Instructions to follow
Each line from the top of the listing down to and including the line with "Elegant and modern" must be duplicated exactly; pictures are to be skipped.

Information shown

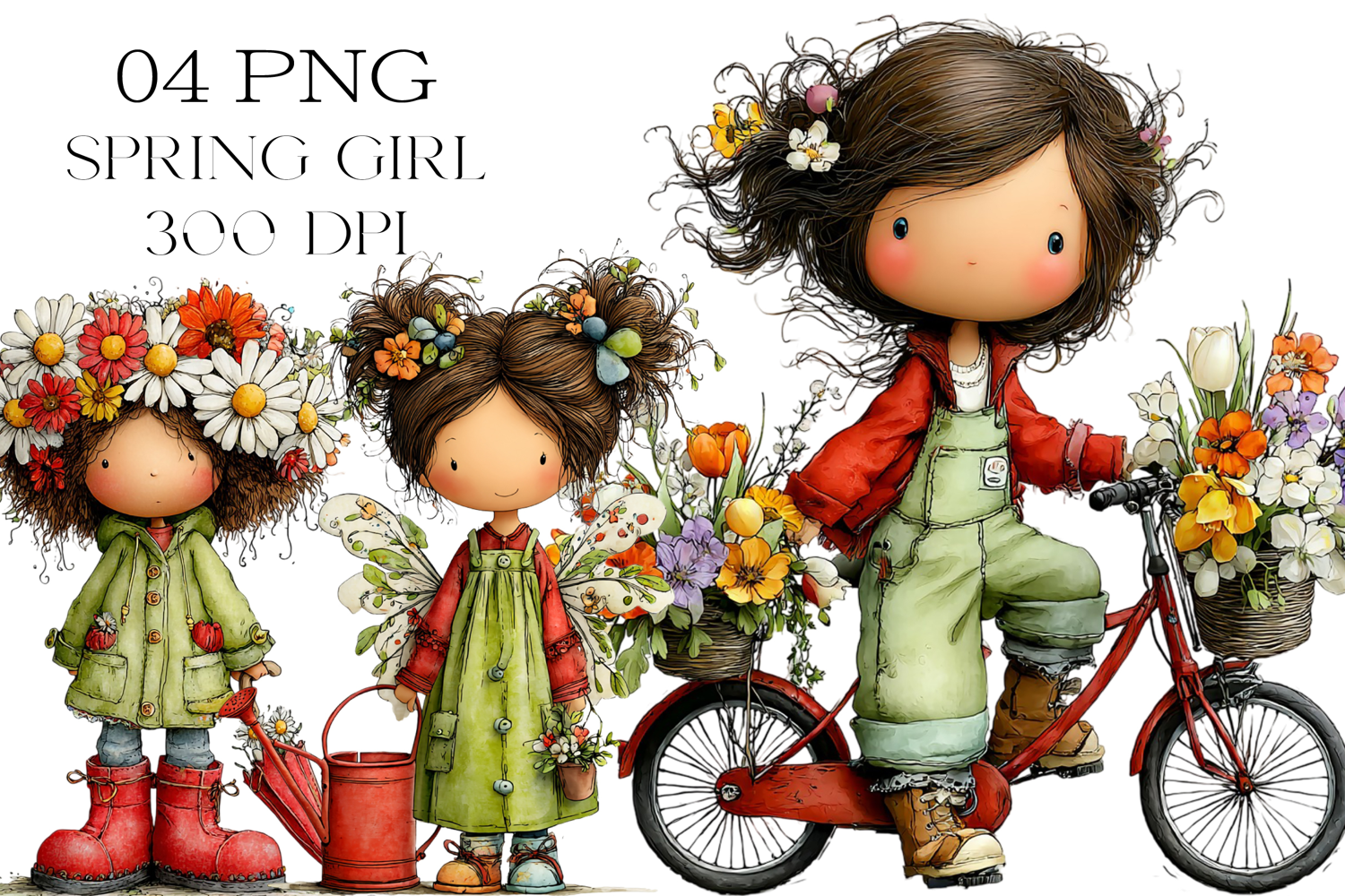 Quirky Spring Cute Girl Clipart
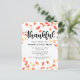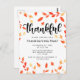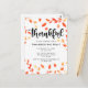 Elegant and modern style Thanksgiving party invitation postcard with text that says "Thankful" in hand lettering and calligraphy style font. Features watercolor style fall leaves foliage.
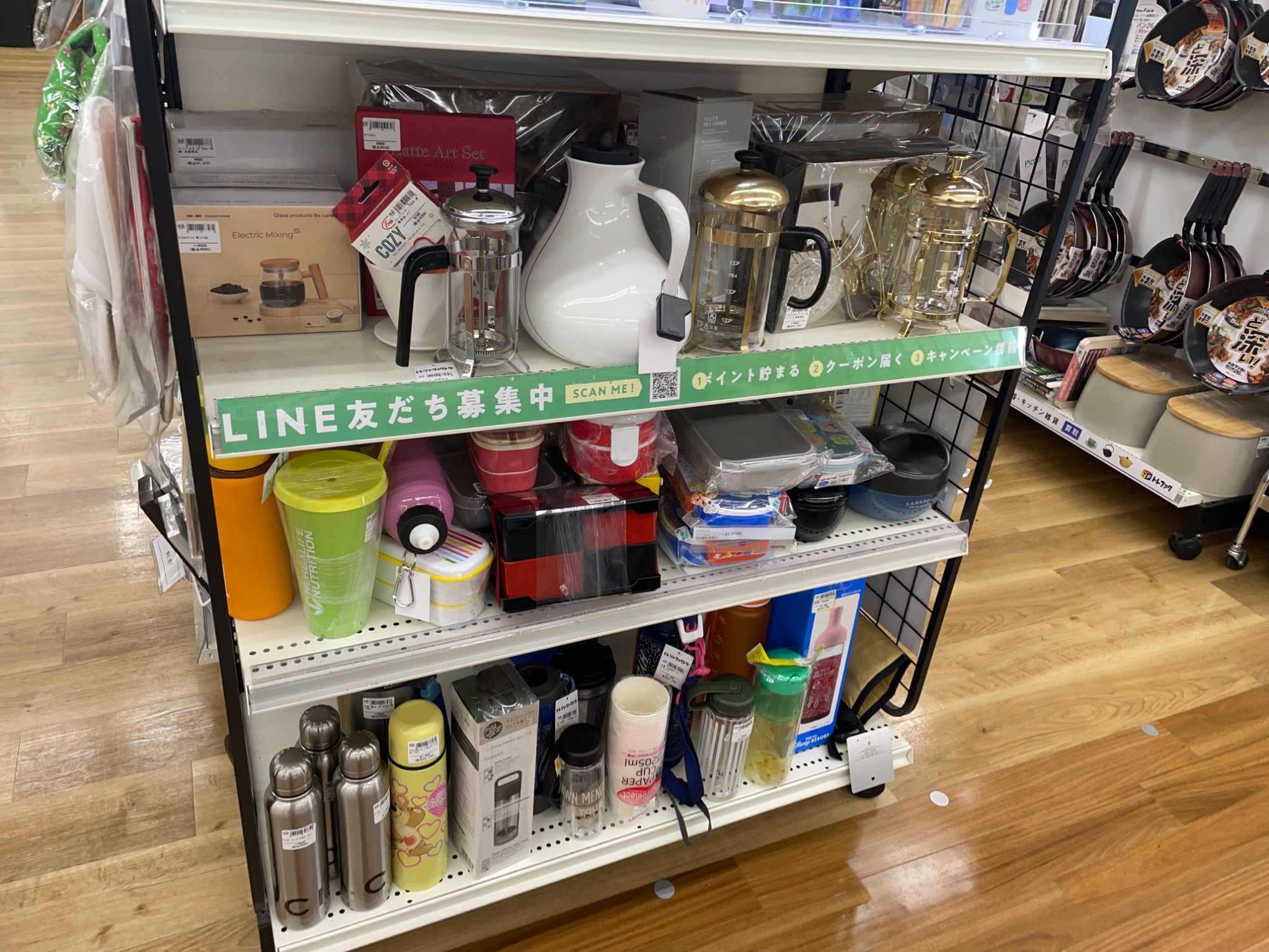その他、コーナー下段にはコーヒーを淹れる際に活躍するアイテムも揃えております。タンブラーと併せて、ゆったりとティータイムを楽しんでみてはいかがでしょうか。

Exercise answer
 Quirky Spring Cute Girl Clipart
 Elegant and modern style Thanksgiving party invitation postcard with text that says "Thankful" in hand lettering and calligraphy style font. Features watercolor style fall leaves foliage.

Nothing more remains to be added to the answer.